My understanding of Tantra

Chipati – Skeletons dance – Tibetan Buddhist symbol celebrating ‘change’

I used to believe that Tantra was a collection of techniques to make you an amazing lover. There is some of that.

I used to think that in a Tantra workshop somebody would give you some exercises to learn different ways to stroke your cock, to stimulate the prostate and maybe to use the breathing to boost your sexual performance. There can be some of that too.

I had read the book The multiorgasmic man, by Mantak Chia and I thought that Tantra was all about being able to edge for ages and achieve amazing orgasms without coming. Certainly that is a possibility.

What I did not suspect is that even the most amazing techniques require of an open heart, a beginners’ mind, an ability to let go and a mind that can be present. A mind that is on your side. A mind that does not call for perfection, dramatises or that feels stressed in sex -and in life-.

Most of us would have encountered times in which sex does not go according to plan: the erection does not work, you come too quickly or you never come, you feel overwhelmed.
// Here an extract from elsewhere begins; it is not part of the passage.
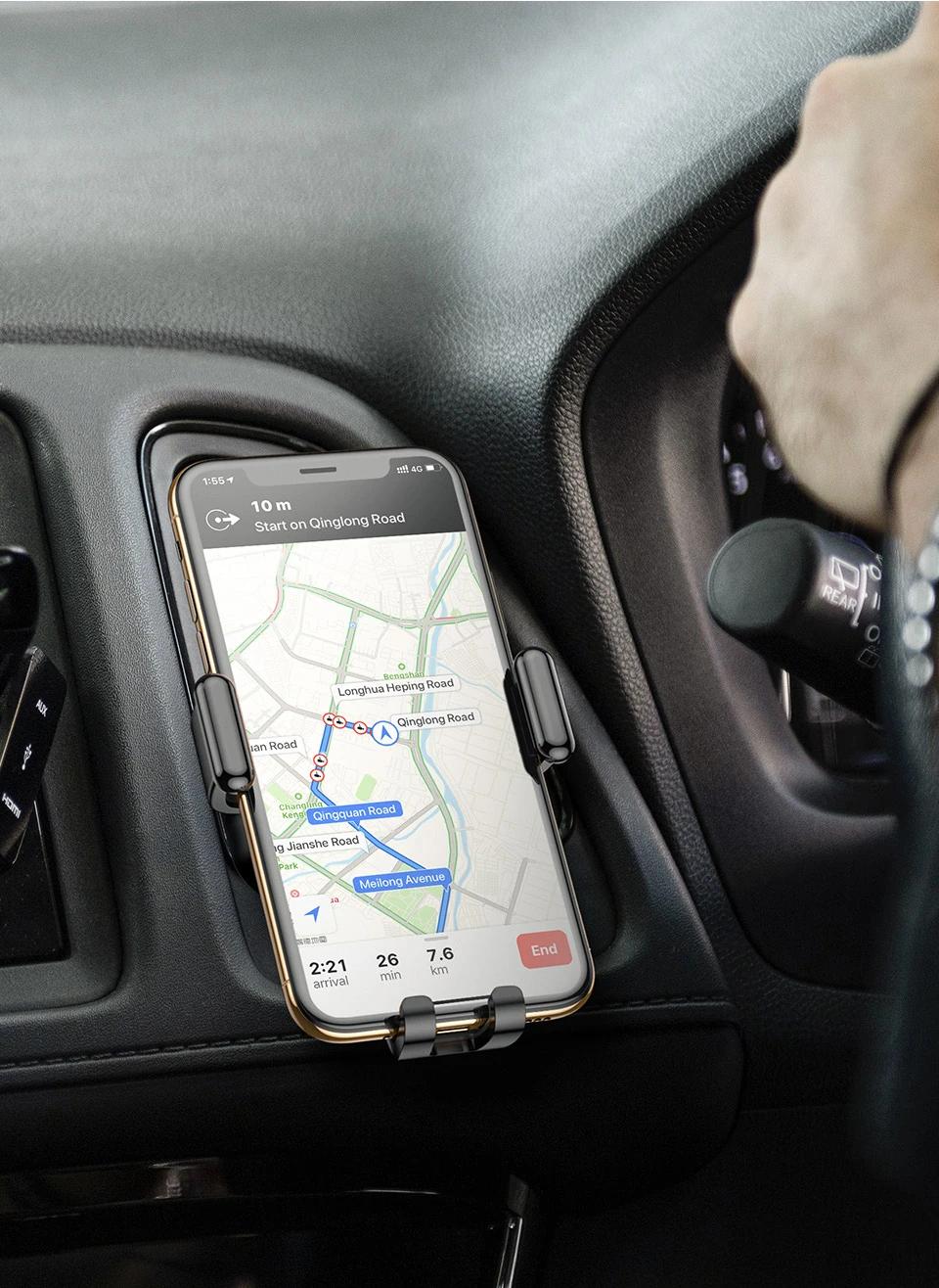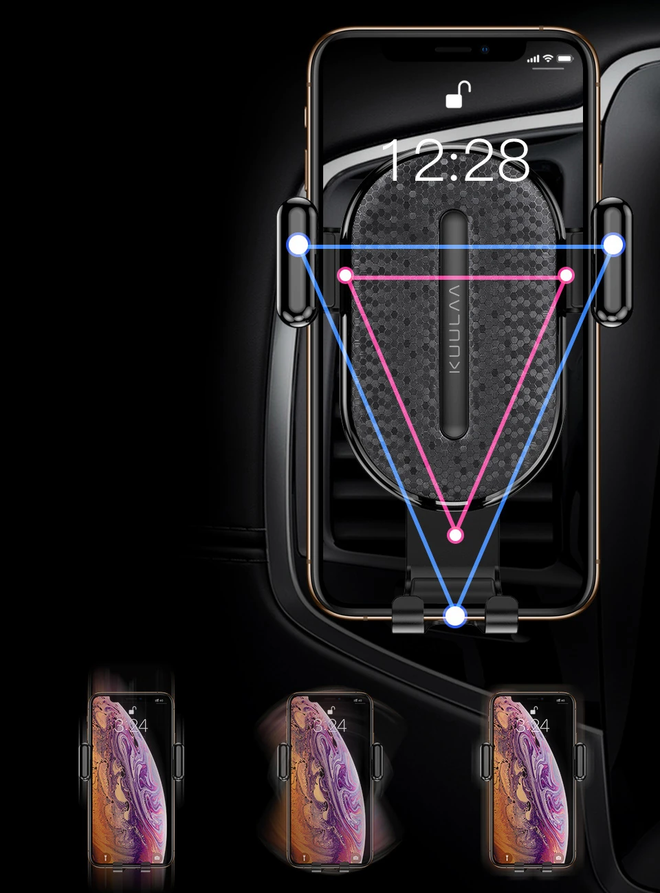 Üçgen kelepçe noktası tasarımı / ani frenleme durumunda telefonu sıkıca tutar

What about when you think your lover is sexier than you?, or you feel intimidated to bottom or to top?, you feel inadequate?…. The stories are endless.

There is a common marker in all those stories: you can not allow for your body (and your mind) to relax, to let yourself go, to play, to enjoy, to be present, without your mind chatting and fears coming to you.

‘If it happens in your sex, it happens in your life‘ (Jason Tantra)

This is an interesting idea: what role do you feel sex has in your life?, how often do you use sex as a distraction or escapism?, do you feel sex makes you feel happier, closer, more intimate with your partner or better in yourself?, do you have sex at all?, is sex important for you?, does sex stress you?…

Do you feel that you present yourself authentically as who you are in sex or issues such as shame or worry to be accepted happen?

And then, how much of any of that happens in your day to day life?: how much in your day you feel you need to escape, to distract yourself?, you feel less or more than others, you need to be perfect, you get stress about life/work, you feel angry for the way other performs, you feel angry for the way you feel perceived?.

The invitation here is for you to reflect on: how much in reality your sex is connected/disconnected from the rest of YOUR life?


The idea that we have of Tantra in the West comes as part of the Sexual revolution and counter culture movements in the 1960s. In reality this is what we call ‘Neotantra’ and has very little to do with the original ‘Tantra’ religion that appeared in India in Medieval times.

Neotantra (so now commonly named ‘Tantra’) borrows from some of the principles commonly used in Buddhist meditation: be in the present moment, work towards being free from negative judgement and most importantly be kind to yourself and to others. It challenges your ego and helps you to reflect to grow as a better version of yourself.

Sex becomes a place to develop these principles by exploring longer full body multiple orgasms, increased sensitivity and an ability to let go. Sex then becomes a metaphor of your day to day life: ‘if it happens in your sex, it happens in your life’.